## Records provided
• • •

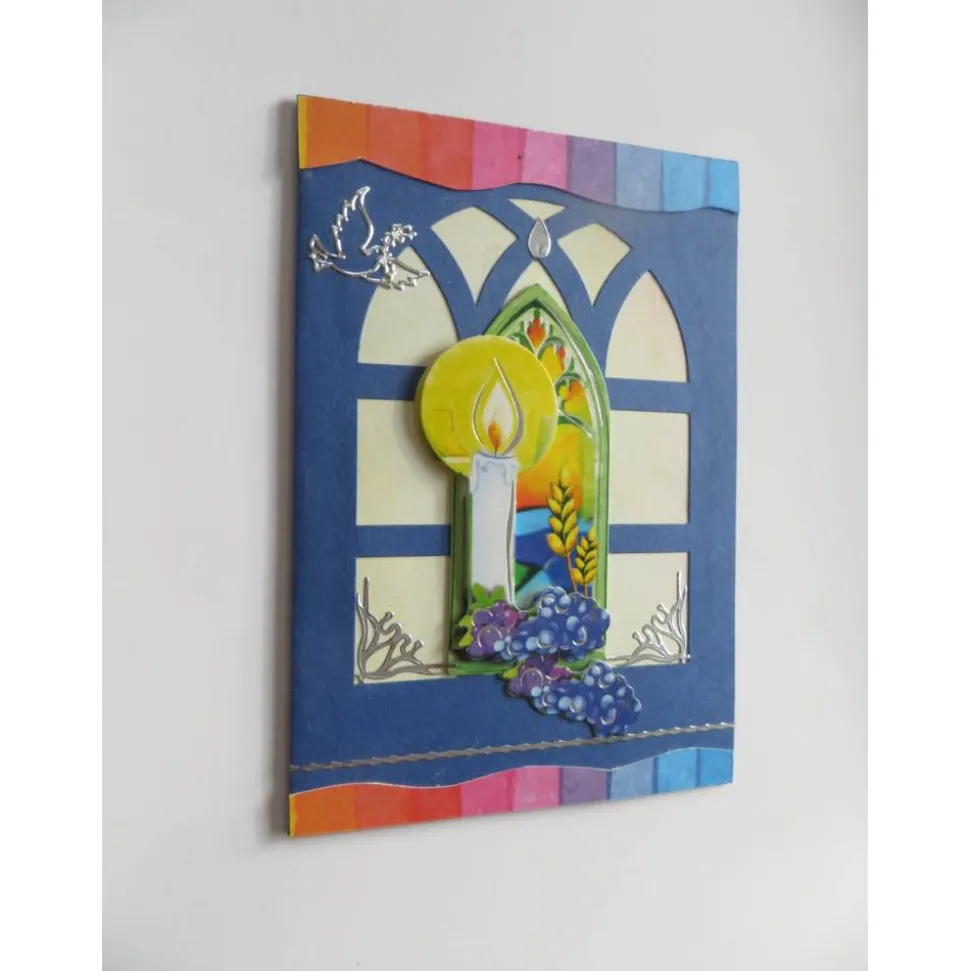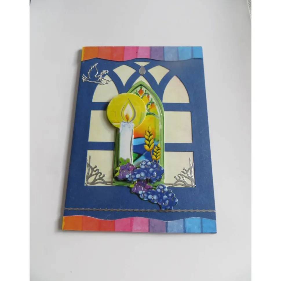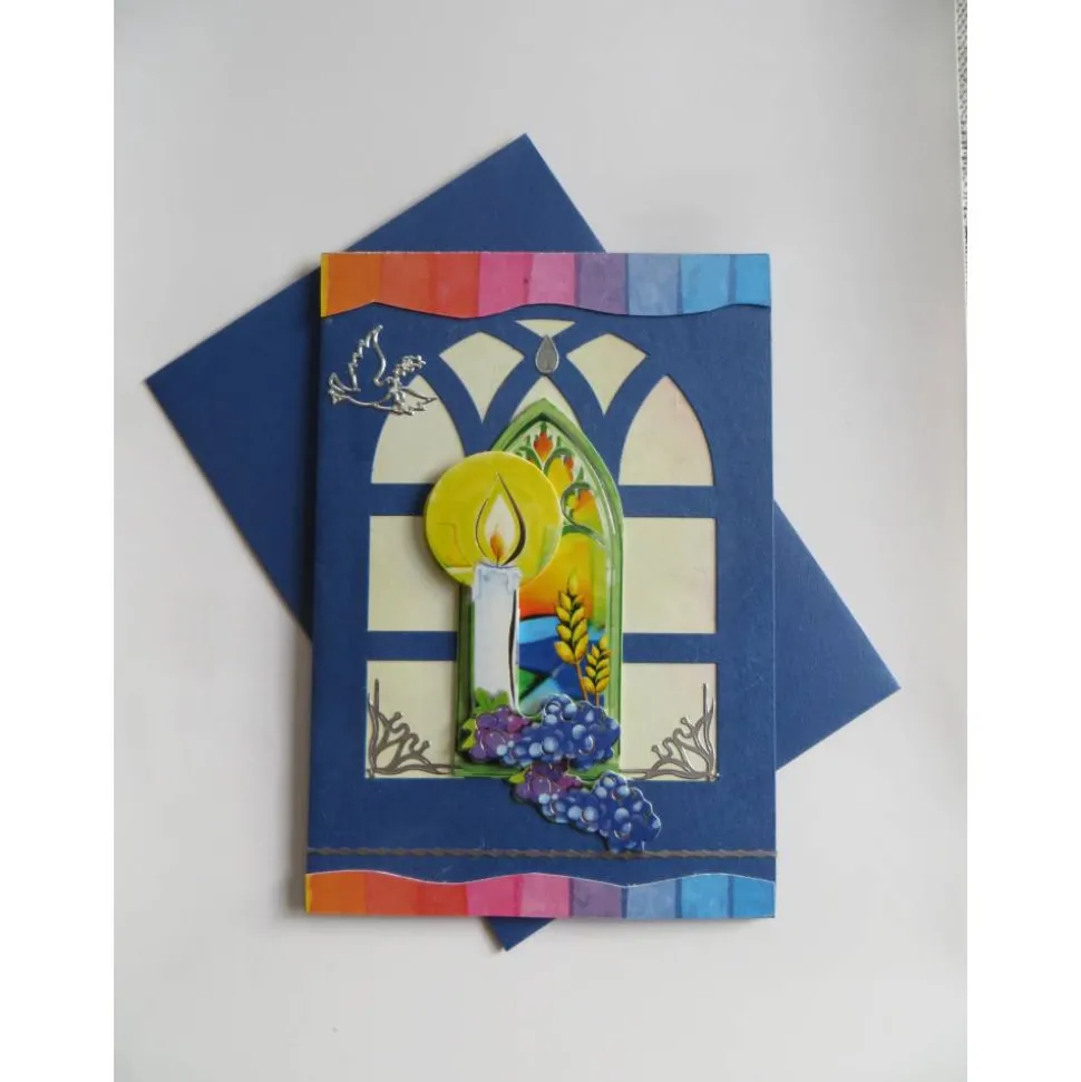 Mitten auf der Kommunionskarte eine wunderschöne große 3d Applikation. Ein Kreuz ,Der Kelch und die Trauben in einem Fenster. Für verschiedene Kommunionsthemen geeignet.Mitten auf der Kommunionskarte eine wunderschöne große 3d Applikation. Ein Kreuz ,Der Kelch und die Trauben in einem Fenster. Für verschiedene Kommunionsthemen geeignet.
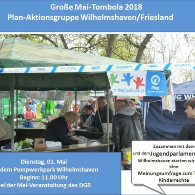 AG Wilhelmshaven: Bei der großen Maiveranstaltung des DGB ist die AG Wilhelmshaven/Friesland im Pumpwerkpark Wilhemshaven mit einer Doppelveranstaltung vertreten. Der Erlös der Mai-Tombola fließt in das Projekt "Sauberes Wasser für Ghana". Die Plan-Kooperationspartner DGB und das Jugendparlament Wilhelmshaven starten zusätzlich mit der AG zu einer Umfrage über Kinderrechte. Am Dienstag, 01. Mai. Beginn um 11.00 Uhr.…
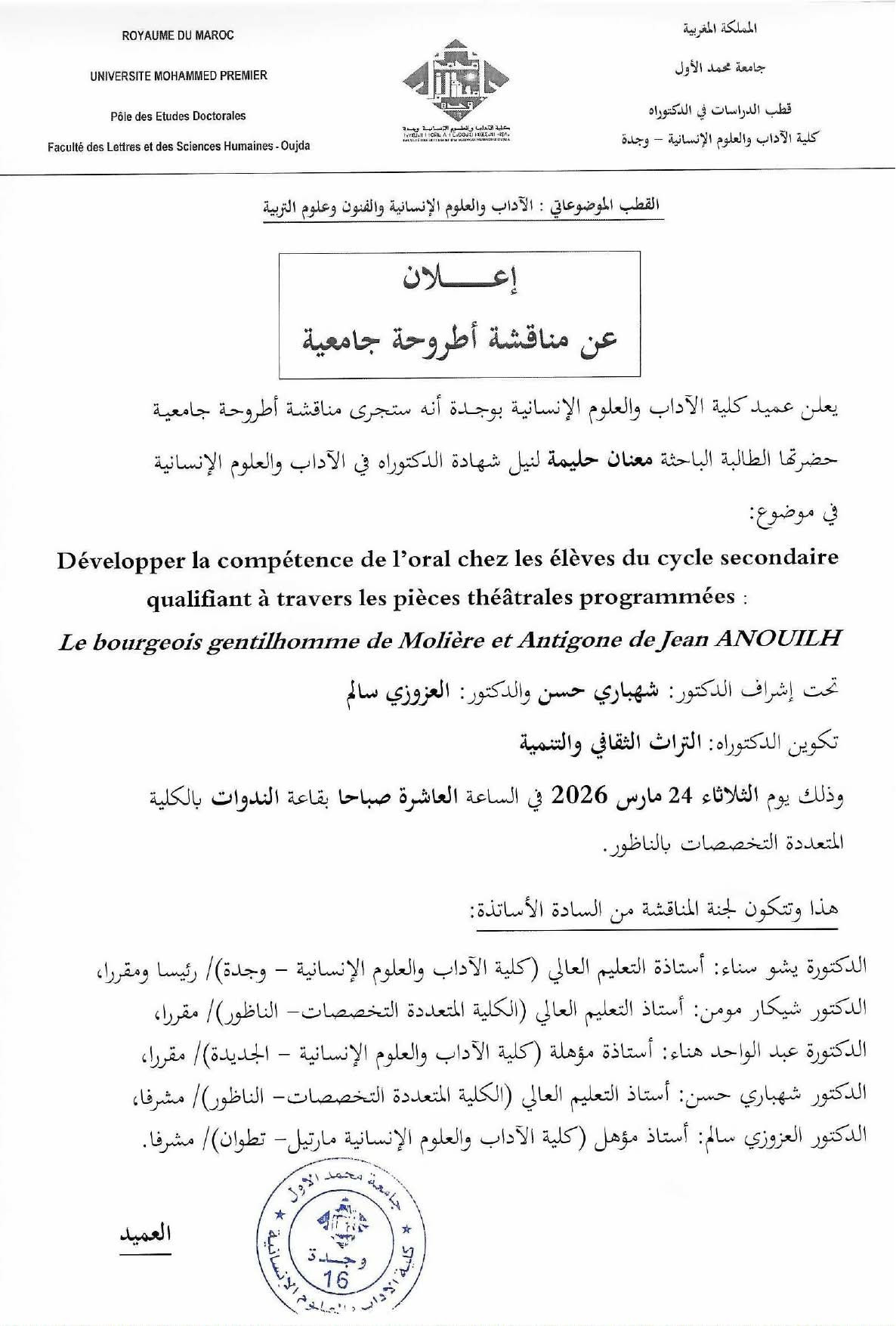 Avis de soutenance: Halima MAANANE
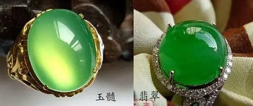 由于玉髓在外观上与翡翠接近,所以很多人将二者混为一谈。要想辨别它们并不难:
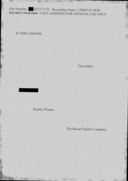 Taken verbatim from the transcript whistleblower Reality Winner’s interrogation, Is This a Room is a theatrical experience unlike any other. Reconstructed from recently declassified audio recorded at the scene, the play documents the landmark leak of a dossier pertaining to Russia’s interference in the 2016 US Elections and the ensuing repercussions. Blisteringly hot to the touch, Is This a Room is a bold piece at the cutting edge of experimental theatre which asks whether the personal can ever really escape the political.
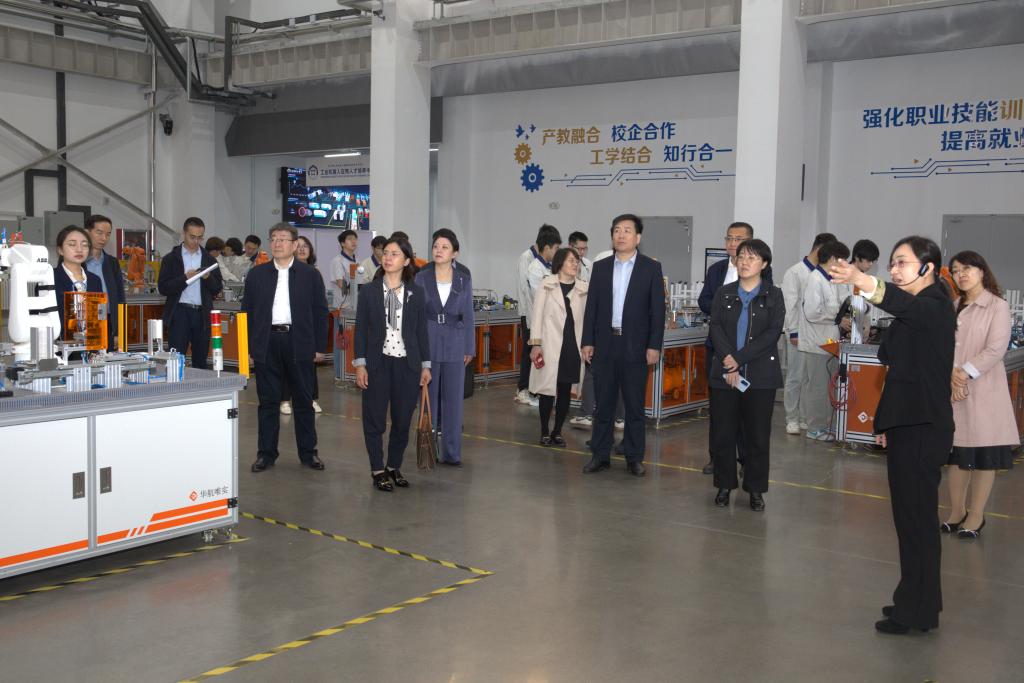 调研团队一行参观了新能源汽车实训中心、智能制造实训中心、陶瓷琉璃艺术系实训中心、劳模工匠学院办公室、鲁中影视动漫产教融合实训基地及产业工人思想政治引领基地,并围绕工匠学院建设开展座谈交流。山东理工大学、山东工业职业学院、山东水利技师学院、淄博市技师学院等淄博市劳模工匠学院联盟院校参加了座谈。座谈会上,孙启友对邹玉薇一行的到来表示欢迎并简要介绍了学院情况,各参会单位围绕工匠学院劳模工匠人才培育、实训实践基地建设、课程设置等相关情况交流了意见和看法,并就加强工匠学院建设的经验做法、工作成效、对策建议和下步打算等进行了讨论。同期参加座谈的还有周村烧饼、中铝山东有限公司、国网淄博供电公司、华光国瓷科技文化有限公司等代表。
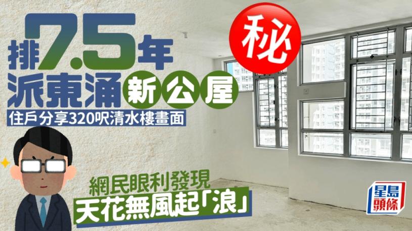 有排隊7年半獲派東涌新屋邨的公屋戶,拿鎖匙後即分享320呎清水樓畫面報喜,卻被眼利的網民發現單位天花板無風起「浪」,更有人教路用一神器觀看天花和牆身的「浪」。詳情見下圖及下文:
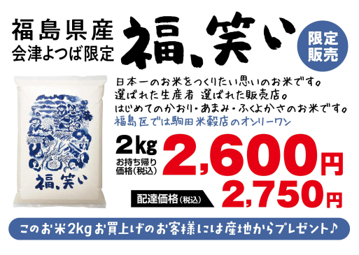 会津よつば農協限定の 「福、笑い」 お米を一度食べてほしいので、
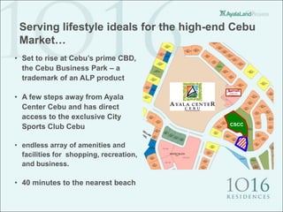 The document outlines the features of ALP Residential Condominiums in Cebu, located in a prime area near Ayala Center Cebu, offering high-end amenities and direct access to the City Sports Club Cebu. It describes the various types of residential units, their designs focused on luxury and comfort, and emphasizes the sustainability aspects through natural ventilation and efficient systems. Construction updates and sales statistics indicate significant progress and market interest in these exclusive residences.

• • •

## Exercise instructions
The data above should be restated exactly, with its images dropped.

## Answer
 Mitten auf der Kommunionskarte eine wunderschöne große 3d Applikation. Ein Kreuz ,Der Kelch und die Trauben in einem Fenster. Für verschiedene Kommunionsthemen geeignet.Mitten auf der Kommunionskarte eine wunderschöne große 3d Applikation. Ein Kreuz ,Der Kelch und die Trauben in einem Fenster. Für verschiedene Kommunionsthemen geeignet.
 AG Wilhelmshaven: Bei der großen Maiveranstaltung des DGB ist die AG Wilhelmshaven/Friesland im Pumpwerkpark Wilhemshaven mit einer Doppelveranstaltung vertreten. Der Erlös der Mai-Tombola fließt in das Projekt "Sauberes Wasser für Ghana". Die Plan-Kooperationspartner DGB und das Jugendparlament Wilhelmshaven starten zusätzlich mit der AG zu einer Umfrage über Kinderrechte. Am Dienstag, 01. Mai. Beginn um 11.00 Uhr.…
 Avis de soutenance: Halima MAANANE
 由于玉髓在外观上与翡翠接近,所以很多人将二者混为一谈。要想辨别它们并不难:
 Taken verbatim from the transcript whistleblower Reality Winner’s interrogation, Is This a Room is a theatrical experience unlike any other. Reconstructed from recently declassified audio recorded at the scene, the play documents the landmark leak of a dossier pertaining to Russia’s interference in the 2016 US Elections and the ensuing repercussions. Blisteringly hot to the touch, Is This a Room is a bold piece at the cutting edge of experimental theatre which asks whether the personal can ever really escape the political.
 调研团队一行参观了新能源汽车实训中心、智能制造实训中心、陶瓷琉璃艺术系实训中心、劳模工匠学院办公室、鲁中影视动漫产教融合实训基地及产业工人思想政治引领基地,并围绕工匠学院建设开展座谈交流。山东理工大学、山东工业职业学院、山东水利技师学院、淄博市技师学院等淄博市劳模工匠学院联盟院校参加了座谈。座谈会上,孙启友对邹玉薇一行的到来表示欢迎并简要介绍了学院情况,各参会单位围绕工匠学院劳模工匠人才培育、实训实践基地建设、课程设置等相关情况交流了意见和看法,并就加强工匠学院建设的经验做法、工作成效、对策建议和下步打算等进行了讨论。同期参加座谈的还有周村烧饼、中铝山东有限公司、国网淄博供电公司、华光国瓷科技文化有限公司等代表。
 有排隊7年半獲派東涌新屋邨的公屋戶,拿鎖匙後即分享320呎清水樓畫面報喜,卻被眼利的網民發現單位天花板無風起「浪」,更有人教路用一神器觀看天花和牆身的「浪」。詳情見下圖及下文:
 会津よつば農協限定の 「福、笑い」 お米を一度食べてほしいので、
 The document outlines the features of ALP Residential Condominiums in Cebu, located in a prime area near Ayala Center Cebu, offering high-end amenities and direct access to the City Sports Club Cebu. It describes the various types of residential units, their designs focused on luxury and comfort, and emphasizes the sustainability aspects through natural ventilation and efficient systems. Construction updates and sales statistics indicate significant progress and market interest in these exclusive residences.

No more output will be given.